Condition-based well-test scheduling

How we help our partners automate their well-test schedules with a data-driven approach

Value proposition

  • Allows the user more time to focus on decisions by automating the data gathering and analyses
  • Optimize the order of well tests with a balanced scheduling score, to better exploit test resources
  • Use scheduling scores as a preventive measure, by testing wells with high scores gain insight on issues like water coning


A central challenge when it comes to well-testing is figuring out which well to test next in order to optimally utilize the available test capacity. This is important as test capacity often is a constraining factor on many assets. This is true for both fields with test separators and fields that must do deduction testing.

It can be tedious to gather all the relevant information that needs to be evaluated to make a thorough assessment of which wells to test. Often the test schedule is a fixed rotation between wells and occasionally subjected to small changes that are based on gut feeling and subjective knowledge. Also, data-driven methods for detecting events like water coning demand accurate well rate data obtained from well-test. If all the relevant data was readily available in one place it could lead to better condition-based decisions about which well to test next.

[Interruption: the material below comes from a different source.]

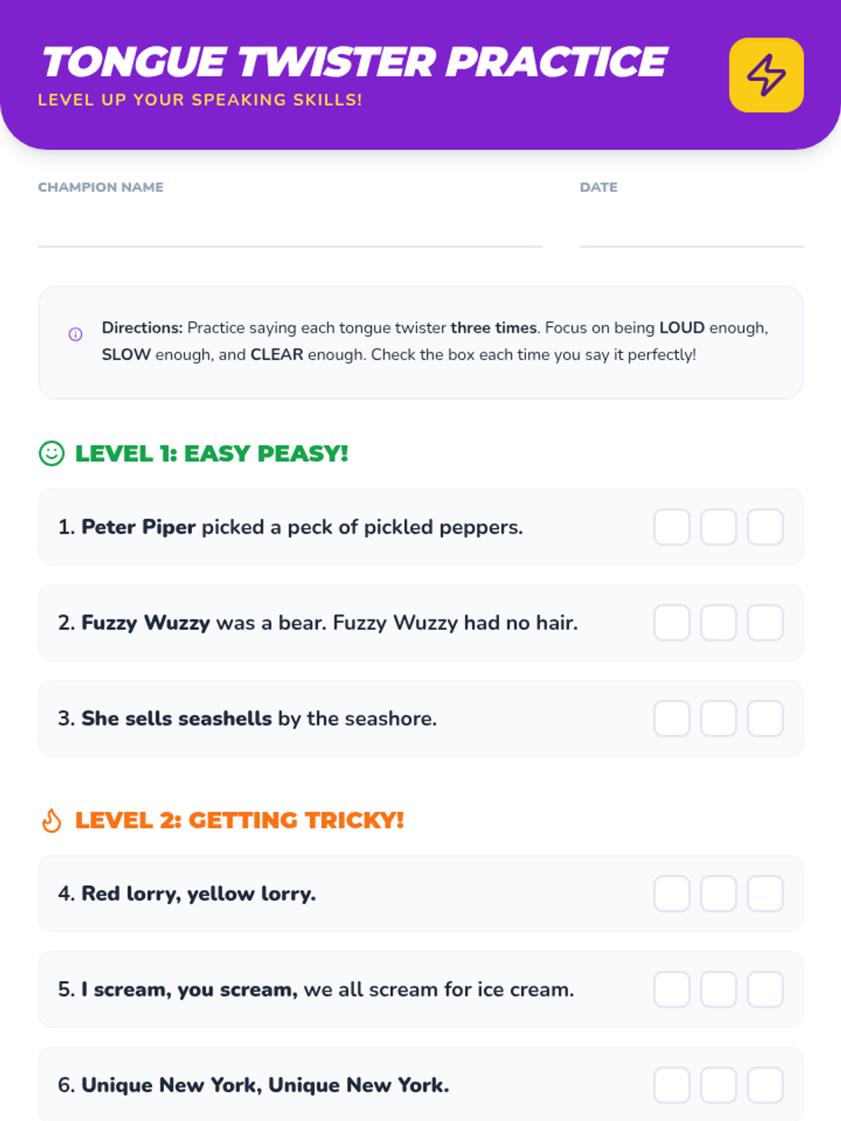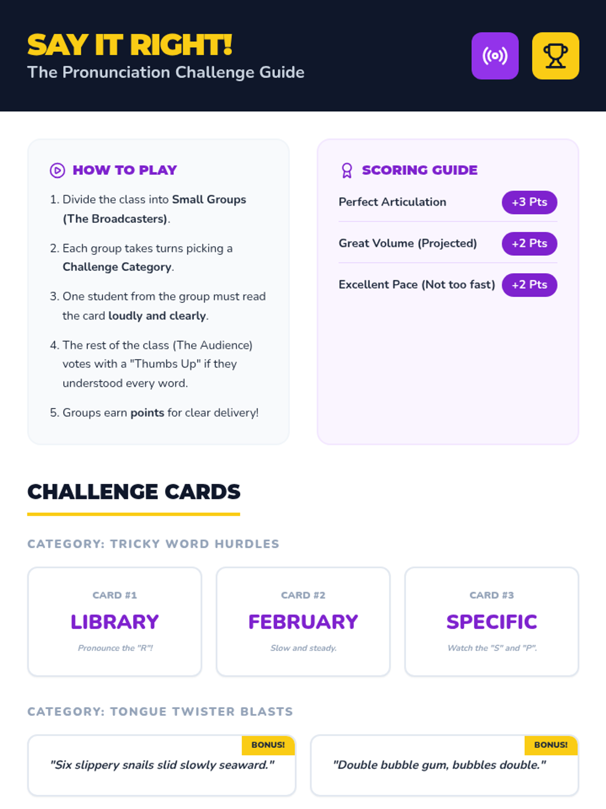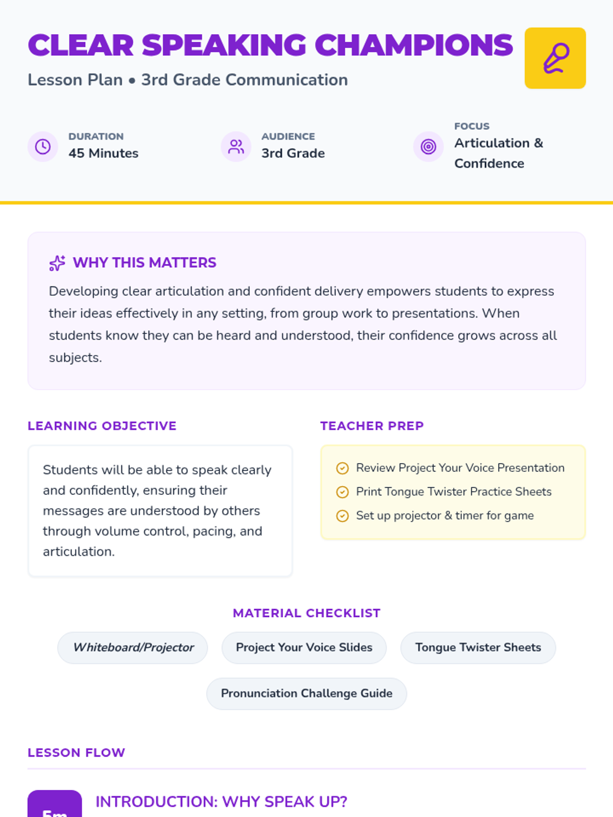A fun, interactive lesson designed to help 3rd graders develop clear articulation, confident volume, and appropriate pacing for effective communication. Students will practice through vocal warm-ups, tongue twisters, and a pronunciation game.

Together with Lundin we launched a test scheduling campaign to see if we could take advantage of our software in the decision making process of which well to test next.

As the campaign went on our Well-test Scheduling application emerged.

With our Well-test Scheduling application engineers get live updates on data-driven recommendations for which wells to test. The recommendations are based on a weighted well-test score consisting of several indicator parameters for each well. The parameters and weights are configurable to match the needs of the field and even the well in question.

A list of the highest prioritized wells is available in a dashboard, with a breakdown of the well-test score for transparency and control. This way the engineers can easily check why a well gets prioritized by the algorithm, adding a new perspective to the decision process.


With our solution all the data relevant for assessing well-tests have been centralized in one place. This automates the tedious, and manual work of gathering data from different sources and gives the engineers more time and insight to actually evaluate the wells to be tested.

No wells are accidentally ignored as live data from each well is connected to the dashboard. During our initial two-week campaign with Lundin we already saw the potential benefits of the application. At one occasion a well was tested because the algorithm had picked up irregularities in one of its parameters. In fact, this well was not originally scheduled for testing, but Lundin sought to test it regardless.

Together with our other test optimization applications the Well-test Scheduling can be a powerful tool to become condition-based and make truly data-driven, unbiased decisions.